Sounds, Visions and Insights by Brian Skutle

Hatchet II

Grade : C+ Year : 2010 Director : Adam Green Running Time : 1hr 25min Genre : , ,
Movie review score
C+

“Hatchet II” is a horror movie sequel. Specifically, a slasher movie sequel. Right there, most people will know what I mean by that description. If you’ve seen one, you’ve seen them all, right? In the case of this film, pretty much.

In a way, Victor Crowley, the deformed killer in the 2005 original and the new film, is another Jason Voorhees. Instead of dying through the neglect of others, however, Victor dies in a fire some local boys started one Halloween at his home in the swamps of Louisiana, where he lives with his father. While trying to save his son, Thomas Crowley accidentally hits Victor’s head with a hatchet from the other side of the door. Since then, a legend has grown up around the swamp…and Crowley.

In this sequel, we learn more about the legend and Marybeth Dunston’s place in it. She’s the daughter that came to the swamp in the first film to look for her missing father and brother, and she’s played this time by horror actress Danielle Harris in a performance that, well, doesn’t really work. It’s too whiny, too inconsistent, and too, shall I say, amateurish for an actress who’s been in the business for 20-something years.

I have a feeling a lot of that can be attributed to writer-director Adam Green, who’s made both “Hatchet” films.
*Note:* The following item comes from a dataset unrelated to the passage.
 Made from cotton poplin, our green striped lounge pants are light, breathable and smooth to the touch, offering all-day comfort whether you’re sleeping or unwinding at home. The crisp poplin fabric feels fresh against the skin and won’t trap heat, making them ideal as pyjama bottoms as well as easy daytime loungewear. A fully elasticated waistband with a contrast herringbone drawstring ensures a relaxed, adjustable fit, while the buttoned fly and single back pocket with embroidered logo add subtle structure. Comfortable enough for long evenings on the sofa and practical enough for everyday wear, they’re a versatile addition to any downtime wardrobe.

In all honesty, it’s basically a “Friday the 13th”/”Halloween”/”Texas Chainsaw Massacre” clone, with gratuitous nudity, vicious kills (perpetrated by Crowley, played by horror icon Kane Hodder, who also plays Thomas Crowley in flashbacks), and sometimes ridiculous humor (which does work at times, but other times, not so much). Unfortunately, “Hatchet,” and “Hatchet II,” are not cut from the same cloth as those franchises.
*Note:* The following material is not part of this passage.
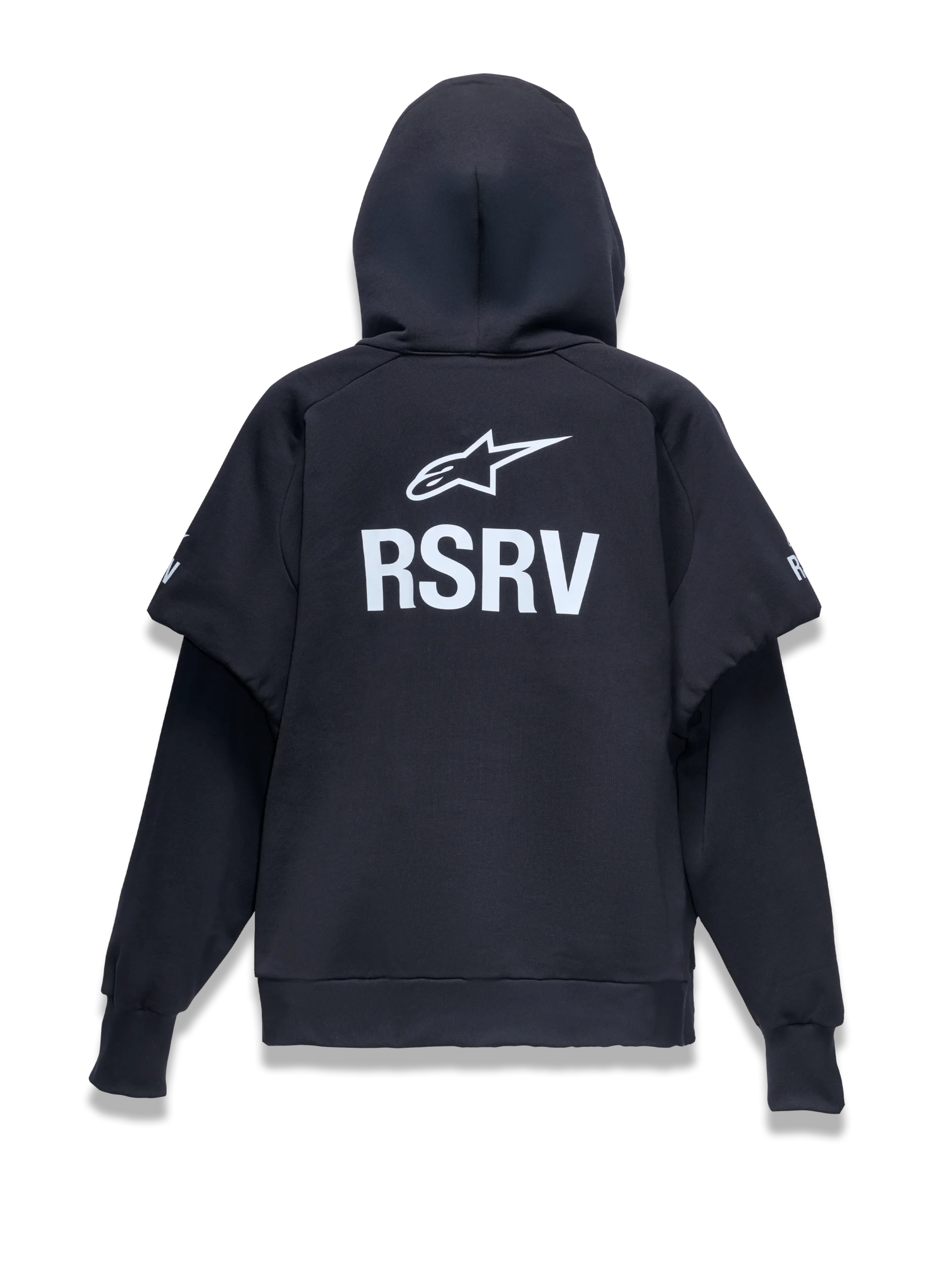 L’inspiration pour le Vault Hoodie existe autant dans le passé que dans le futur. Basé vaguement sur un exemple du début des années 2000 d’un hoodie décontracté Alpinestars, il fait sa déclaration la plus frappante au-dessus des épaules. La capuche surdimensionnée et structurée ainsi que le col haut reflètent une entreprise plus moderne de la marque Alpinestars—le casque. Des évents en maille double sont montés haut dans le col/visage de la capuche, faisant davantage référence à son langage de design semblable à un casque, tandis que la construction multi-panneaux lui donne une forme et une identité prononcées. Les manches amples sont enveloppées par des épaules surdimensionnées, et les logos RSRV et Astar de marque ornent les biceps et le dos. La base raccourcie et effilée crée un ajustement qui fait allusion aux maillots amples rentrés dans des pantalons techniques des athlètes de motocross des années 80 et 90.

“Hatchet II,” which also features “Candyman’s” Tony Todd (Rev. Zombie) and AJ Bowen (Layton)-a high school friend who is becoming a horror icon in his own right with performances in low-budget genre entries like “The Signal” and “The House of the Devil” (both well worth seeing in my most objective opinion)-is better than its predecessor in story and style (Layton’s death is an instant classic), but that doesn’t mean it’s that good overall. As a horror sequel, it’s closer to the nonsense of the “best” (i.e. mediocre) “Friday the 13th” sequels than the “Scream” sequels and “Wes Craven’s New Nightmare,” which are the best slasher sequels I’ve seen. Of course, those last three were directed by Wes Craven. And Adam Green, as the saying goes, is no Wes Craven. Who knows? Maybe he’ll become one. Right now, he’s more “meh” than master.